The government encourages transparency, but any false declaration or misuse of the DPIIT Startup Scheme comes with strict penalties:
Penalty for False Information:
If a startup submits forged documents or misrepresents facts to obtain DPIIT recognition, it can be fined 50% of its paid-up capital, with a minimum penalty of ₹25,000.
Immediate Revocation:
DPIIT reserves the right to immediately revoke the recognition certificate in case of fraud or non-compliance.
Understanding the duration and renewal process of your registrations helps ensure ongoing compliance and eligibility.
Duration: Valid for 10 years from the date of incorporation or until the entity’s annual turnover exceeds ₹100 crore—whichever comes first.

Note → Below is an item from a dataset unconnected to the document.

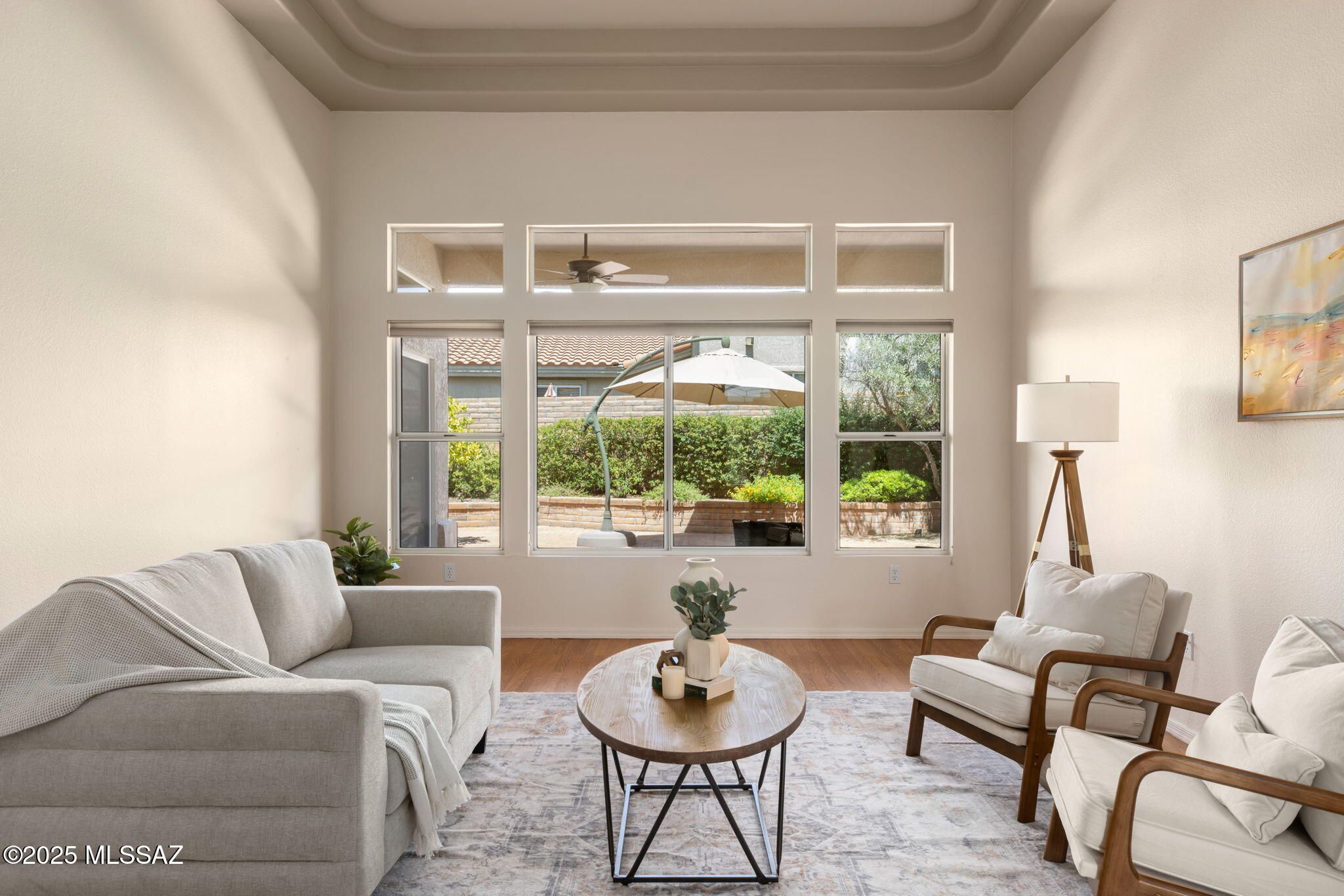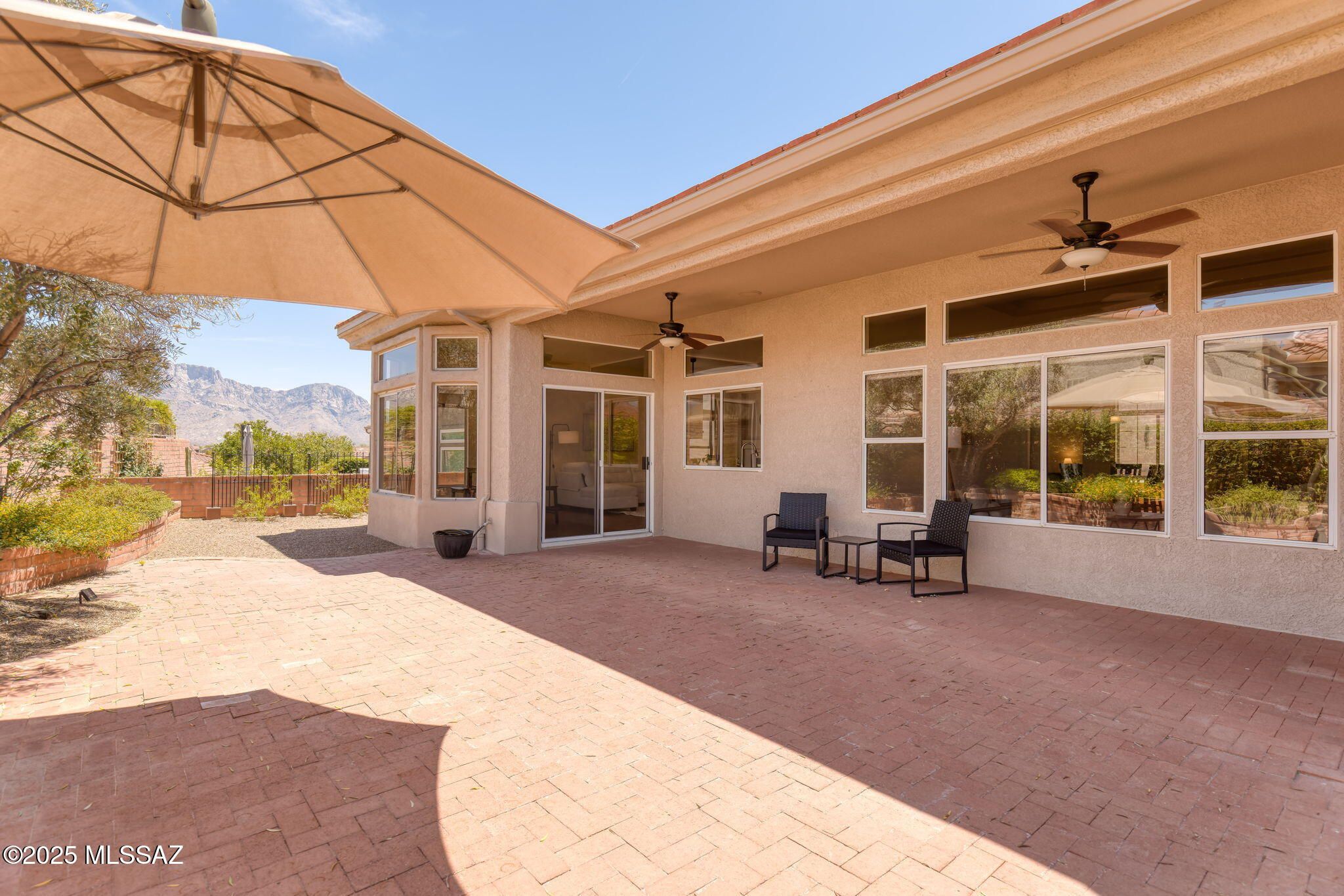 Located within the prestigious active adult community of Sun City Oro Valley, this beautifully appointed home offers more than just a place to live, it offers a vibrant lifestyle. Residents here don't just reside, they thrive!Enter through a gated front courtyard adorned with pavers and take in Arizona's breathtaking sunsets. As you head inside, you're welcomed by a grand entryway leading into the sought-after Regent model, known for its spacious layout and timeless architectural features. Tray ceilings, decorative pillars, and natural light create a graceful ambiance, while expansive picture windows frame serene views and fill the home with warm, natural tones. 2 bedrooms, 2 and a half bathrooms, a spacious den and separate flex room, new roof 2025, HVAC 2022- this home has it all!

Renewal: No renewal required during the validity period.
Once the entity crosses 10 years or the turnover limit, it automatically ceases to be considered a startup under the DPIIT scheme.
The legal entity (Private Limited Company or LLP) enjoys perpetual succession—meaning it can exist indefinitely.
To maintain its status, the entity must meet all annual compliance requirements under the Ministry of Corporate Affairs (MCA).
The validity of the startup certificate is independent of the legal entity’s existence.
Getting your startup registered is only the beginning. To retain your legal status and avoid substantial penalties, your company must strictly follow India’s annual compliance requirements. These obligations are mandatory and form the backbone of lawful business operations.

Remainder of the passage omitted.